Integrate alerts and metrics with automated incident response platforms
Integrating alerts with automated incident response systems is a key DevOps practice that can help improve the efficiency of your organization’s response to critical incidents. By automating the process of routing and responding to alerts, you can help ensure that critical incidents are handled in a timely and efficient manner while keeping all stakeholders updated.
Automated incident response systems, such as Squadcast, can help streamline your organization’s overall response to critical incidents. The platform adds context to alerts and metrics through payload analysis and event tagging. The approach not only helps eliminate alert overload but also expedites remediation and shortens MTTR by leveraging executable runbooks. Squadcast also helps track all configured SLOs to identify service-level breaches and capture post-mortem notes to help avoid recurring problems in the future.
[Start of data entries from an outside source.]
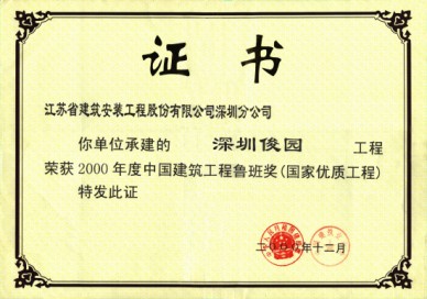深圳俊園獲98年深圳市文明工地,99年獲江蘇省優質工程金獎,同年被授江蘇省建筑業新技術應用示范工程,2000年獲江蘇省“揚子杯”獎,深圳市優質樣板工程第一名和金牛獎及全國建筑業最高獎“魯班獎”。
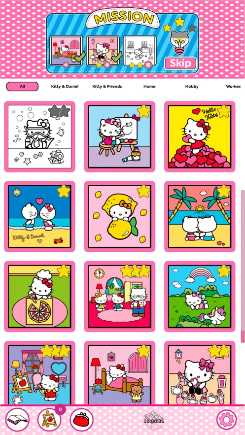 凯蒂猫儿童图画书提供了多种适合各年龄段的休闲玩法。玩家可以选择喜欢的图片,按照数字提示进行填色,这种简单有趣的玩法特别适合低龄儿童。游戏还设置了专门的画廊功能,可以保存和欣赏自己创作的所有作品。此外,玩家还能遇到凯蒂猫和她的朋友们,这些可爱的角色会陪伴孩子们度过愉快的绘画时光。无论是想要放松心情,还是希望培养孩子的专注力,这款游戏都能带来令人满意的体验。
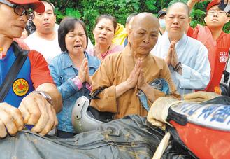 信眾見到寺廟的師父遺體被尋獲,雙手合十,送她最后一程。圖片來源:臺灣《聯合報》
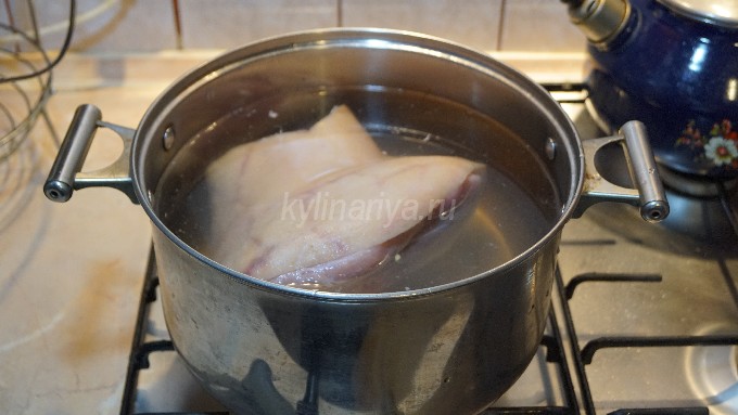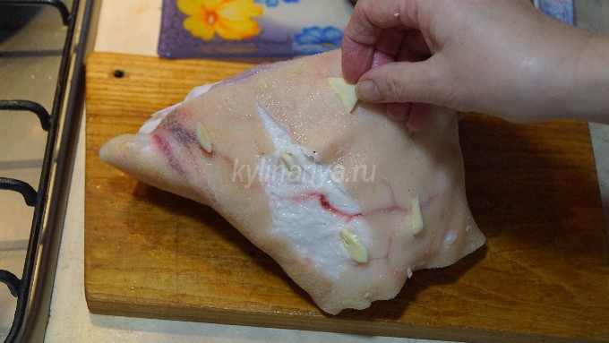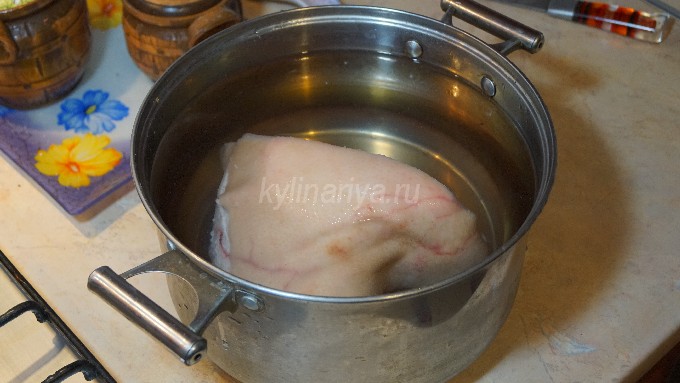 - Leg de verse varkensschenkel in gezouten schoon water en laat het een paar uur weken. Schraap daarna al het vuil van de huid en spoel de schacht grondig af onder de kraan met stromend water.

Observability extends continuous monitoring by enriching performance data, visualizing it, and providing actionable insights to help solve reliability issues. Beyond monitoring application health, o11y mechanisms measure how users interact with the software, tracking changes made to the system and the impacts of such changes, thereby enabling developers to fine-tune the system for ease of use, availability, and security.
Observing modern applications requires a novel approach that relies on deeper analysis and aggregation of a constant stream of data from distributed services. While it is important to inspect the key indicators, it is equally important to adopt the right practices and efficient tools that support o11y to collectively identify what is happening within a system, including its state, behavior, and interactions with other components.